This descriptive exploratory study aims to explore the level of knowledge of pharmacogenetics that pharmacists in Victoria, Australia, perceive they have, how they believe pharmacogenetics will impact upon their profession, and the ways in which they would like to be educated about pharmacogenetics.
A cross-sectional survey was employed to achieve the aims this study. The survey contained eight questions, with the type of questions being multiple choice, numeric open-ended, text open ended and rating scales. It is estimated that the survey would have taken less than 5-10 minutes to complete. The use of a cross-sectional survey enabled information regarding pharmacists´ perceptions and knowledge about pharmacogenetics to be collected across a large geographical area at one point in time.25 The questions in the survey enabled data to be gathered on a) where the pharmacists worked, b) the pharmacists´ perceived knowledge of pharmacogenetics, c) the perceived ability of the pharmacists to counsel patients about pharmacogenetic testing, d) how pharmacists should be educated on the topic and e) how they believed that pharmacogenetics will affect their careers in the future. The questions used in this study were modelled on findings from previous studies regarding the incorporation of pharmacogenetics into pharmacy.2,3,22,23
For inclusion in this study, participants were required to be registered pharmacists practicing in Victoria. 800 Victorian pharmacists from 400 randomly selected community and hospital pharmacies were asked to participate in this study. The pharmacies, including both community and hospital pharmacies, were randomly selected from an online directory. A survey pack containing a cover letter, a participant information sheet, the survey and a reply paid envelope were dispatched to the pharmacists. Pharmacists were asked to complete the surveys and return them in the reply paid envelope.
Both quantitative and qualitative data was obtained during this study. Quantitative data was analysed using SPSS® version 17.0 for Windows® to generate simple descriptive statistics in order to address the key objectives of this study. Confidence intervals were calculated and the correlation between the number of years the pharmacists had been practicing and their perceived level of knowledge about pharmacogenetics was explored. Qualitative data was interpreted and analysed thematically in order to identify the major areas that pharmacists believe pharmacogenetics will impact upon them.
In order to maintain anonymity of the subjects and confidentiality of this study, the survey did not ask for any identifying information. The return of a completed survey was considered as consent to participate in the study. This was conveyed to the pharmacist in the participant information sheet. Ethical approval for this project was granted by the La Trobe University, Faculty of Science Technology and Engineering Human Research Ethics Committee (Approval # FHEC09/R74).
Of the 800 surveys that were dispatched, 291 (36%) were completed and returned. 77.4% of the participants practiced in a community pharmacy setting, 18.9% practiced in hospitals, 2.2% practiced in both hospital and community pharmacy whilst 1.5% were involved in government or industry work. Of the respondents 31.3% practiced in a rural area, 27.6% in a regional area, 40.7% in a metropolitan area and 0.4% practiced in both regional and metropolitan areas. In terms of the experience of the pharmacists who completed the survey, the majority (43.6%) had been practicing from one month to nine years, 15.5% from 10 to 19 years, 22.6% from 20 to 29 years, 11.7% from 30 to 39 years and 6.6% had been practicing for 40-49 years.

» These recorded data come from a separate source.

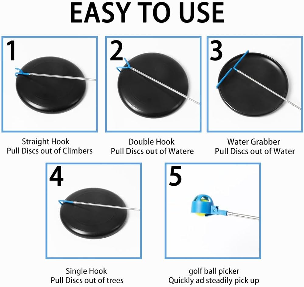 𝐌𝐮𝐥𝐭𝐢-𝐇𝐨𝐨𝐤 𝐃𝐞𝐬𝐢𝐠𝐧 𝐟𝐨𝐫 𝐒𝐞𝐜𝐮𝐫𝐞, 𝐕𝐞𝐫𝐬𝐚𝐭𝐢𝐥𝐞 𝐆𝐫𝐢𝐩: With multiple hook attachments, this disc golf grabber offers a secure, adjustable grip, making it easier to recover discs stuck in trees, water, or rocks. Say goodbye to the hassle of searching for lost discs and get back to your game quickly.
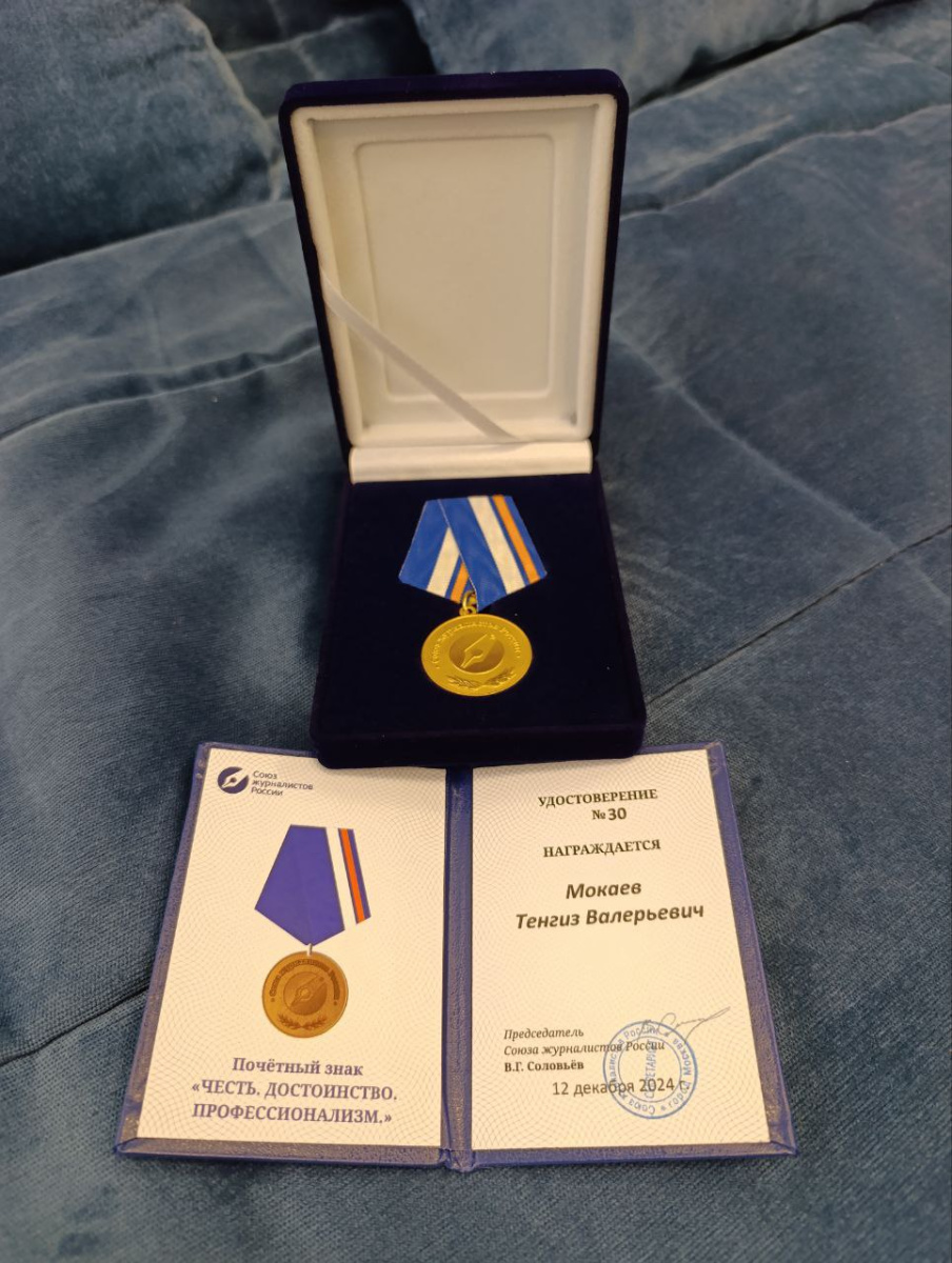 В Союзе журналистов России состоялось вручение золотой медали "Честь. Достоинство. Профессионализм" Руководителю Молодежного центра Русского географического общества Кабардино-Балкарской Республики, журналисту и корреспонденту информационного агентства РИА "Кабардино-Балкария" Тенгизу Мокаеву.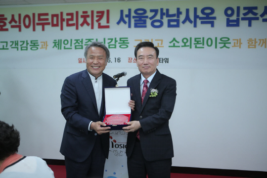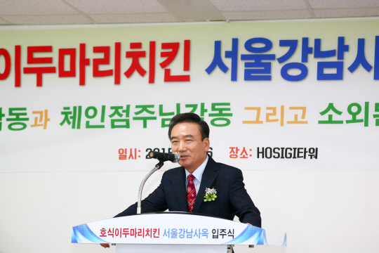 한편 호식이두마리치킨은 지난 16일 강남 논현동에 위치한 HOSIGI타워 입주식을 성공적으로 치렀다. 이날 입주식에는 3개 사업본부와 8개 지역본부의 임직원뿐만 아니라 공동마케팅을 협약한 ㈜하림 외 그간 상생하며 함께한 수많은 협력업체들이 참석했다. 그동안 최 회장이 줄곧 주장해온 '상생경영'의 결실을 엿볼 수 있었다.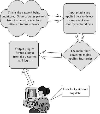 Snort detection engine and application of Snort rules. For example, a packet may be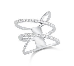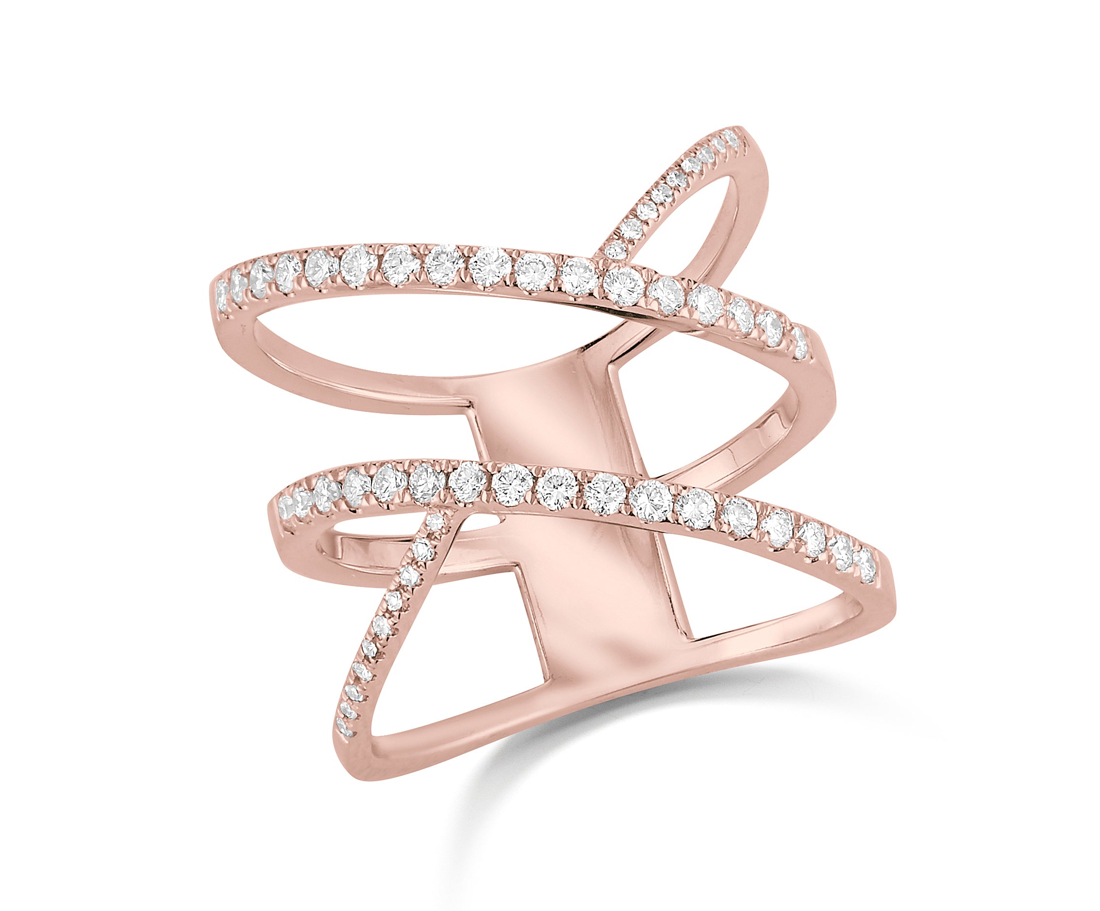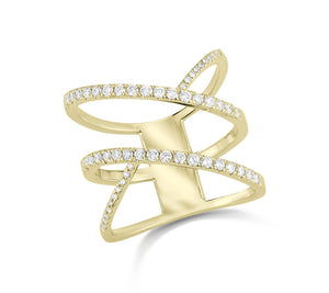 Bands of high quality 14k gold twist together to create an abstract diamond ring of never ending beauty.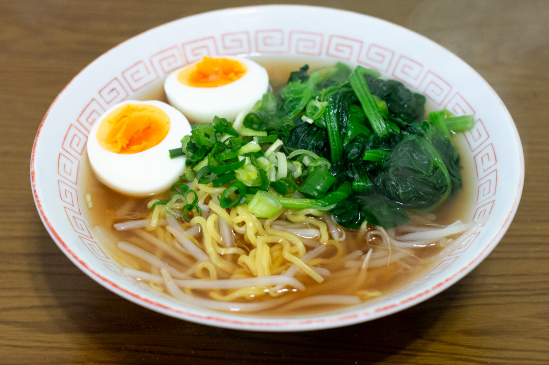 具材はゆで玉子とほうれん草とモヤシとネギ。

To determine the perceived level of knowledge regarding pharmacogenetics amongst Victorian pharmacists, respondents were asked to rate their understanding of pharmacogenetics on a scale from 1 to 10 (with 1 being the least and 10 being the highest ranking). Of the 291 respondents 78% indicated their understanding to be five or less on the scale. Only 6.5% of respondents rated their understanding of pharmacogenetics to be eight or greater on the scale (Figure 1).
The relationship between a pharmacist´s experience and their perceived understanding of pharmacogenetics was explored. There was a negative correlation between a pharmacist´s experience and how well they perceived they understood pharmacogenetics (Spearman coefficient= -0.289; P<0.001). Therefore, it appears that pharmacists who had more recently graduated from university have a better perceived understanding of pharmacogenetics than those who had graduated longer ago (Figure 2).
When asked how well the pharmacists believed they would be able to counsel a patient about the results of a pharmacogenetic test 1% of respondents believed they could counsel very well, 4.9% indicated that they could counsel well, 24.3% believed they could counsel reasonably well, 37.2% indicated that they would counsel poorly and 32.3% stated they would counsel very poorly (Figure 3).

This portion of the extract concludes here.